Der erfolgte Kostenansatz ist richtig. In Verfahren über Rechtsbeschwerden gegen einen Beschluss, durch den - wie hier - die Berufung als unzulässig verworfen worden ist, fällt nach Nr. 1820 des Kostenverzeichnisses zum GKG (Anlage 1) eine 2,0-fache Gerichtsgebühr an.

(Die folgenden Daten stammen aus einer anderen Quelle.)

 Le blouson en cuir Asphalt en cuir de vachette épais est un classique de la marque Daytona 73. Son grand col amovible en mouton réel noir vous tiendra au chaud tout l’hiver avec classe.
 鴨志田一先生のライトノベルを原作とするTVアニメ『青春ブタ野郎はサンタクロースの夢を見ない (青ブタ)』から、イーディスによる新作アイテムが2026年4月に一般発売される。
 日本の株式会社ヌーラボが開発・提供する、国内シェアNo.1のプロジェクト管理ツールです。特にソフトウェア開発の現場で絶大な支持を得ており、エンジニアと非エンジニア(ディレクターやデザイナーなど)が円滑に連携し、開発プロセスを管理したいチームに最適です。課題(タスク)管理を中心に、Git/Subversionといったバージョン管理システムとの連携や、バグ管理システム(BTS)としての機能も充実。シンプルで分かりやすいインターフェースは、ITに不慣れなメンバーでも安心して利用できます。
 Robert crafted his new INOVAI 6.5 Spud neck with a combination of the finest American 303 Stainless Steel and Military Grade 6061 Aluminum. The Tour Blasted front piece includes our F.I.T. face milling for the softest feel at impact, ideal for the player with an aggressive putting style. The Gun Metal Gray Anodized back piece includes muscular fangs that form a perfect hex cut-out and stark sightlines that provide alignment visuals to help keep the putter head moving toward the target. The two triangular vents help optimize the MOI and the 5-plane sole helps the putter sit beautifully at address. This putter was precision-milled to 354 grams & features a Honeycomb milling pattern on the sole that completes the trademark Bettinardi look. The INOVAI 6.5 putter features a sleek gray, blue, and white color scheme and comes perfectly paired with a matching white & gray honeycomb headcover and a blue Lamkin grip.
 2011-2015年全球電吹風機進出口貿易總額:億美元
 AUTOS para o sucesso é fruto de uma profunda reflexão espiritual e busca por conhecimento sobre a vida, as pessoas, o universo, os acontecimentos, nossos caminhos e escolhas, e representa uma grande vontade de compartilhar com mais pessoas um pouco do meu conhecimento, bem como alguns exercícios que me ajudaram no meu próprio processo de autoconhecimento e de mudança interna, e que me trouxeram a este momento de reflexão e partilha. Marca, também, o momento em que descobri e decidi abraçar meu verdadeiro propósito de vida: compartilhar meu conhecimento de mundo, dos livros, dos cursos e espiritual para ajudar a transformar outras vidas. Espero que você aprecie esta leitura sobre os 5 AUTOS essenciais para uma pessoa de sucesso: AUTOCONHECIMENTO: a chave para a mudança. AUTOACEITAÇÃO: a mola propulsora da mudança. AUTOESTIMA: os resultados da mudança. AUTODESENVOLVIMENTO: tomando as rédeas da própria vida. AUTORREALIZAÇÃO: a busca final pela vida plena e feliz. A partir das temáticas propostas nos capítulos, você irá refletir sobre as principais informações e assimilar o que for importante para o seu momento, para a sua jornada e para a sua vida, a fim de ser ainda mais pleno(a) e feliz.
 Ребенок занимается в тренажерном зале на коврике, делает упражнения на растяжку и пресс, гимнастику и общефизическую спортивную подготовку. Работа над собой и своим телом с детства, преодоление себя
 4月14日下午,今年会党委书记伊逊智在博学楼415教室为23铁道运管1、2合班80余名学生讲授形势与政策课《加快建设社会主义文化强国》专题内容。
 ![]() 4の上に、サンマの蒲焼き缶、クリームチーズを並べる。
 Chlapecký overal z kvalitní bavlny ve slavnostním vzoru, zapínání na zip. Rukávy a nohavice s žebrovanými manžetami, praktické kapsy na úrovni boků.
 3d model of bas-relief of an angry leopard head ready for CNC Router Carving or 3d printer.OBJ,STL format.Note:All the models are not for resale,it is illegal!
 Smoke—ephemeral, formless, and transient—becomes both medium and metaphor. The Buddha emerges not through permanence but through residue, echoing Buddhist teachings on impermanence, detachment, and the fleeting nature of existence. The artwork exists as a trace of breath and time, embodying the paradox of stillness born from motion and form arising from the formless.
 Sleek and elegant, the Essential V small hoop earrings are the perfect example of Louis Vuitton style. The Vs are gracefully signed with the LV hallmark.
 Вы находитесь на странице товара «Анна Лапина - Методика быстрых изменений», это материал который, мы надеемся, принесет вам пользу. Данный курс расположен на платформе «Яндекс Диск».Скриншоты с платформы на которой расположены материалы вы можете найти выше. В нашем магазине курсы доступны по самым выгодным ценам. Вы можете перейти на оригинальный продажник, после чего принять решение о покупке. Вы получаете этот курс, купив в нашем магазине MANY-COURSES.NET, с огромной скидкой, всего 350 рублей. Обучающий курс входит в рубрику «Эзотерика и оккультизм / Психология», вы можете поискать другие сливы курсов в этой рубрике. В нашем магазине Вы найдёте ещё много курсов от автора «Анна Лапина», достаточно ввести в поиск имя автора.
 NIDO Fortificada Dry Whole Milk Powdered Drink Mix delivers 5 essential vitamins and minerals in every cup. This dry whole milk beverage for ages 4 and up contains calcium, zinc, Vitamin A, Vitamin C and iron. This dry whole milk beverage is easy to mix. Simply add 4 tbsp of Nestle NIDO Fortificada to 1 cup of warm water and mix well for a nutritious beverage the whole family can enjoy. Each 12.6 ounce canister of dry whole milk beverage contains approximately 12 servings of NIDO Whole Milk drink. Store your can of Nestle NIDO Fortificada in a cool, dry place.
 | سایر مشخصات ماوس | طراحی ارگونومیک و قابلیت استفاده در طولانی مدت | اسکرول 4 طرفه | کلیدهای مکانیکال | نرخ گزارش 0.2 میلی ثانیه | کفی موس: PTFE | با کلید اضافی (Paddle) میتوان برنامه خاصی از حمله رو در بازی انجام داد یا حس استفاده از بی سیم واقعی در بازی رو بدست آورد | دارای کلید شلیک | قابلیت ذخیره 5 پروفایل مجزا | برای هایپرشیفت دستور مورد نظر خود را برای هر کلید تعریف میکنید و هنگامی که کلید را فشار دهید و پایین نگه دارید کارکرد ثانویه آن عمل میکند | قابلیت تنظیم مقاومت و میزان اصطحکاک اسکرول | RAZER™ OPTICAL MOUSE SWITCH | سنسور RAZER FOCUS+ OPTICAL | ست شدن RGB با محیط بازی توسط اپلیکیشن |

Diese berechnet sich bei einem Streitwert von 29.958,30 € nach der Anlage 2 zum GKG auf 898 €. Die Beschwerdeführerin haftet für die Prozesskosten als Antrags- und Entscheidungsschuldner gemäß § 22 Abs. 1 Satz 1, § 29 Nr. 1 GKG.

6

Die der Beschwerdeführerin übersandte Kostenanforderung, für welche nicht der Richter, sondern der Kostenbeamte zuständig ist (vgl. BeckOK-Kostenrecht/Dörndorfer, Stand: 1. Juli 2023, § 19 GKG Rn. 1 mwN), bedarf entgegen der von der Beschwerdeführerin vertretenen Ansicht keiner Unterschrift, da sie automationsgestützt erstellt wurde (vgl. § 25 Abs. 2 Satz 3 KostVfg; BGH, Beschluss vom 25. Mai 2022 - VIII ZB 65/21, juris Rn. 5).

7

3. Das Erinnerungsverfahren ist gerichtsgebührenfrei. Außergerichtliche Kosten werden nicht erstattet (§ 66 Abs. 8 GKG).